⟨

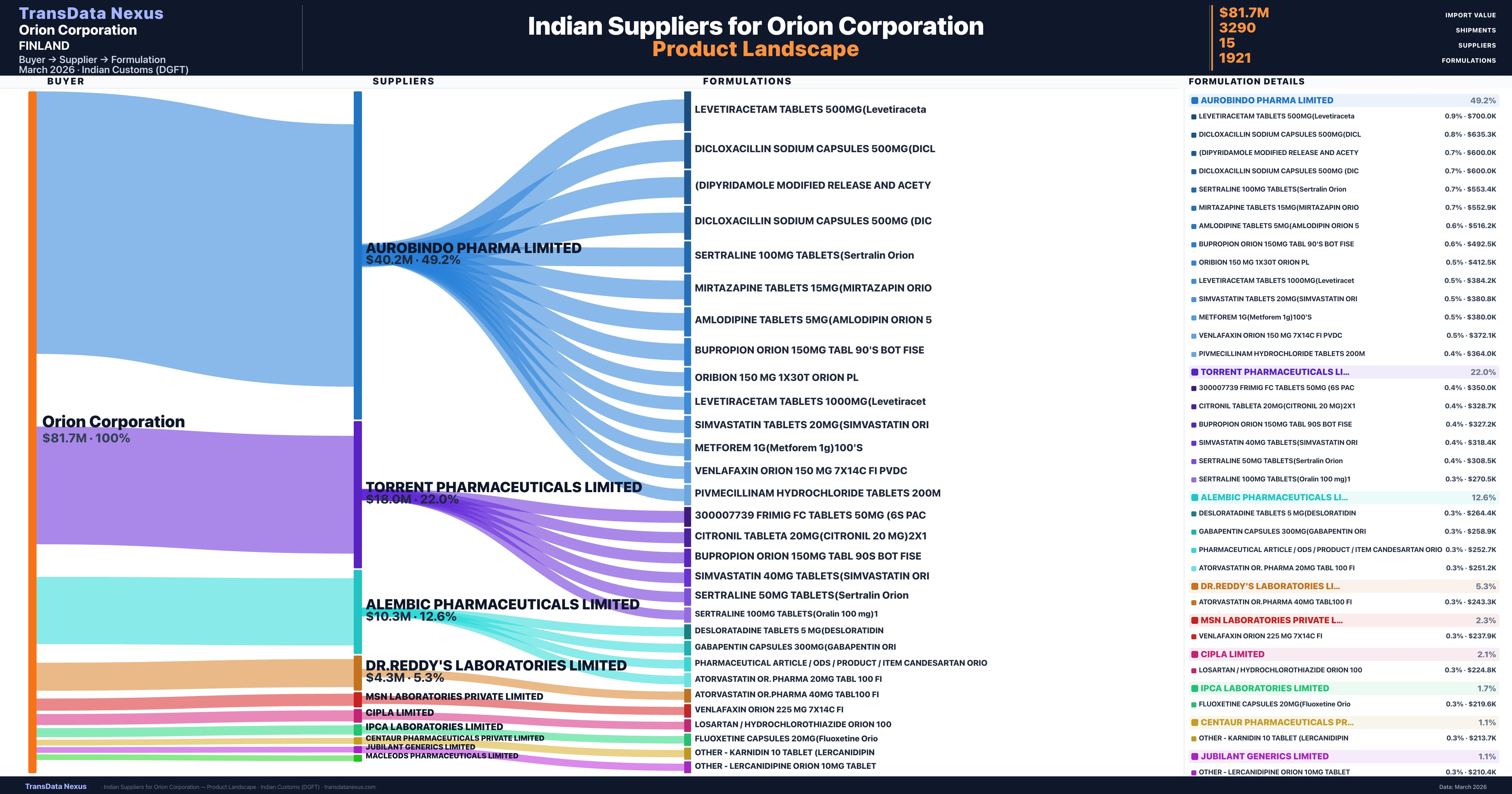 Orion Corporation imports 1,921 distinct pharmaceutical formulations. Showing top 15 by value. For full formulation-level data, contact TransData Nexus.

⟩
⟨

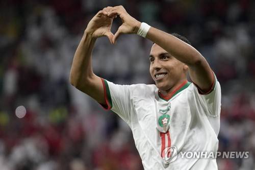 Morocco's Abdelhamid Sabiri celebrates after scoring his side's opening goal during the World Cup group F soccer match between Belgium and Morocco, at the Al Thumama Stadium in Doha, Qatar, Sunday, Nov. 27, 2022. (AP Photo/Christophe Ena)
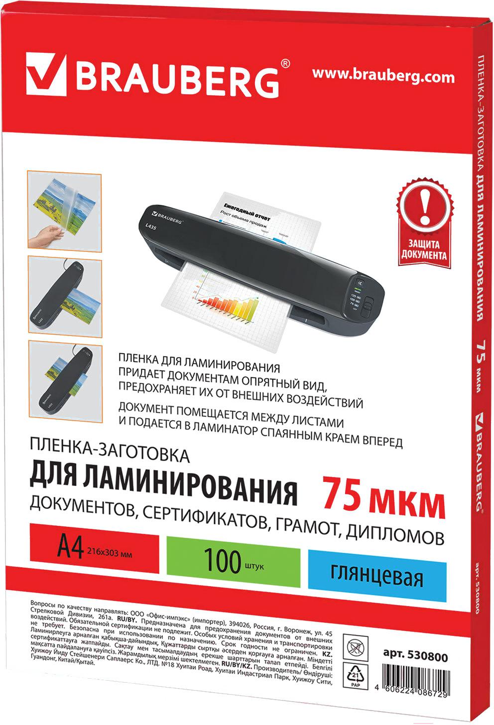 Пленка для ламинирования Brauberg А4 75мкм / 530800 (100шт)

⟩

> [Assignment]: The copy should hold exactly the lines above from the one with "Morocco's Abdelhamid Sabiri" through the one with "Пленка для ламинирования", both ends counted, and no pictures at all.

> [Your solution]:
 Morocco's Abdelhamid Sabiri celebrates after scoring his side's opening goal during the World Cup group F soccer match between Belgium and Morocco, at the Al Thumama Stadium in Doha, Qatar, Sunday, Nov. 27, 2022. (AP Photo/Christophe Ena)
 Пленка для ламинирования Brauberg А4 75мкм / 530800 (100шт)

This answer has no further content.